Fini la (mauvaise) surprise des bulletins scolaires que nos chers enfants nous remettaient en main propre… le plus tard possible. Aujourd’hui, la moindre information sera enregistrée, stockée, exploitée, redistribuée et centralisée au sein du livret scolaire numérique. Mais s’il est encore reçu différemment aussi bien par les parents que par les enseignants, le grand livret scolaire unique (LSUN) de tous les écoliers et collégiens français a de grandes ambitions qui vont se dévoiler petit à petit.

 

Le livret scolaire numérique, c’est quoi ?

À l’initiative de l’éducation nationale et toujours dans un contexte de démocratisation de la transformation digitale, le livret scolaire fait partie intégrante du plan numérique pour l’éducation à l’école et au collège.

Outil simple et précis pour rendre compte aux parents des acquis et des progrès de leurs enfants, le LSUN restitue ainsi une évaluation plus complète des exigences attendues en milieu scolaire. Ce nouveau livret est accessible en ligne afin que les parents et les élèves puissent en prendre connaissance lorsqu’ils le souhaitent. En outre, l’application nationale de saisie des bilans est commune aux enseignants du premier et du second degré, du public et du privé.

Il est la version 2.0 du bon vieux livret scolaire en papier qu’ont connu des générations d’élèves. Entré en vigueur à la rentrée 2016, il représentait encore une sorte de mirage des préaux et perd à la fois les parents d’élèves et les enseignants eux-mêmes.

Néanmoins, d’ici la fin de l’année ou en début d’année prochaine, les parents devraient avoir un aperçu de ce porte document d’un autre siècle qui suivent leurs chérubins du CP à la troisième sans interruption.

 

Un suivi plus personnalisé du parcours de l’élève

Si les éléments constitutifs du livret scolaire peuvent être établis avec différents outils, le livret prend une forme numérique commune à tous les élèves et tous les types d’établissements d’enseignement par le biais d’une application nationale de suivi de la scolarité du CP à la troisième.

Ce livret scolaire permet donc de gérer facilement les évaluations des élèves et d’éditer en quelques clics des bilans de compétences. Le principe est simple et le système s’appuie sur les évaluations qui sont renseignées régulièrement et le document peut-être téléchargé en un clic.

Aussi, ce livret accompagne une réforme plus globale, laquelle instille aux enseignants d’évaluer les élèves selon huit grands domaines de compétences comme, par exemple, les « systèmes naturels », les « systèmes techniques », ou les « représentations du monde ». Et chaque compétence est notée entre 1 et 4, 1 étant la note la plus basse. Ces repères, censés aider les parents à situer leurs enfants vis-à-vis du niveau attendu, s’ajoutent au bulletin trimestriel.

 

La technologie au service des élèves et des enseignants

À l’aube d’une nouvelle ère, les technologies de l’information et de la communication se développent de plus en plus pour apporter des solutions permettant un traitement, une analyse et un partage plus efficace des données. En effet, du côté des enseignants, avoir une vue d’ensemble des compétences de chaque élève, peut les aider à constituer des groupes de niveaux pour pallier aux difficultés de chacun.

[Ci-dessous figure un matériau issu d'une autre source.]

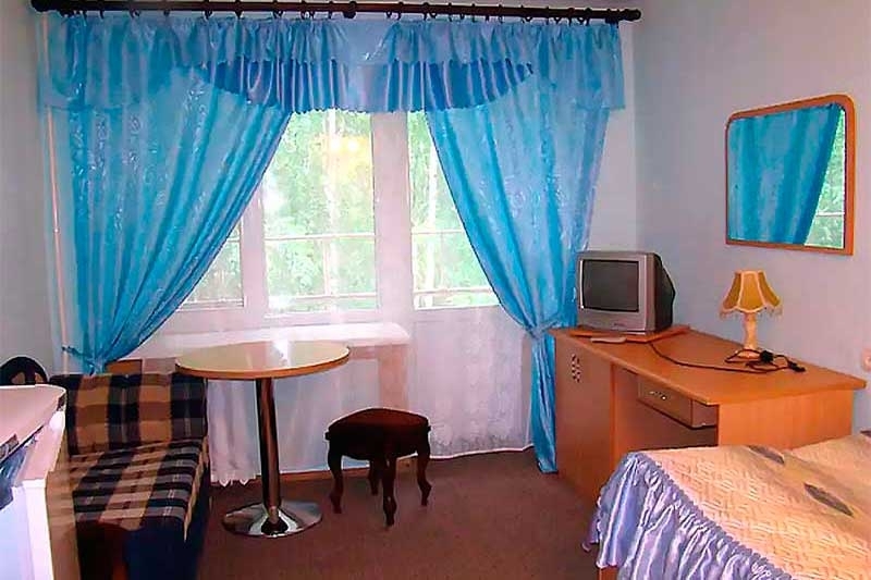 В номере: холодильник, телевизор, телефон, фен, электрочайник, мягкая мебель

L’avantage de la connectivité de ces outils ? Avoir des données exhaustives et accessibles facilement à partir d’une seule et unique interface pour permettre la meilleure prise de décision, le plus rapidement possible, pour chaque élève.

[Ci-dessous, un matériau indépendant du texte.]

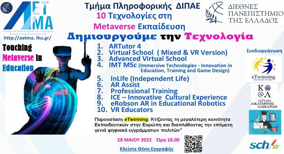 To Θεσμοθετημένο Ερευνητικό Εργαστήριο AETMA Lab Τμήματος Πληροφορικής του Διεθνούς Πανεπιστημίου Ελλάδος σε συνεργασία με το e-twinning, το Ίδρυμα Αικατερίνης Λασκαρίδη, το ΠΣΔ, και την Ομάδα Εξ Αποστάσεως Εκπαίδευσης διοργανώνουν διαδικτυακή ημερίδα στις 28 Μαΐου (ώρα έναρξης 18.00) με θέμα “10 Τεχνολογίες στη Metaverse Εκπαίδευση“.

Ainsi, dans une logique du tout numérique, la mise en place de ce type d’outils au sein des écoles peut aussi faire office, à plus grande échelle, d’une évaluation globale du système éducatif en son entier et doit répondre à la forte demande d’une nouvelle application de suivi des progrès des acquis des élèves.

Reste à savoir si le livret scolaire numérique unique ne sapera pas complètement la base élitiste du système éducatif avec seulement 8 domaines évalués sur 4 niveaux. Une base qui peut sembler trop restreinte selon certains, pour vraiment distinguer les élèves et les affecter dans les lycées.

Par ailleurs, au nom du droit à l’oubli et éviter que certains traînent leurs points rouges récoltés en CP en histoire – géo, l’application informatique devrait aussi faire automatiquement disparaître les bulletins des élèves au bout de quelques années.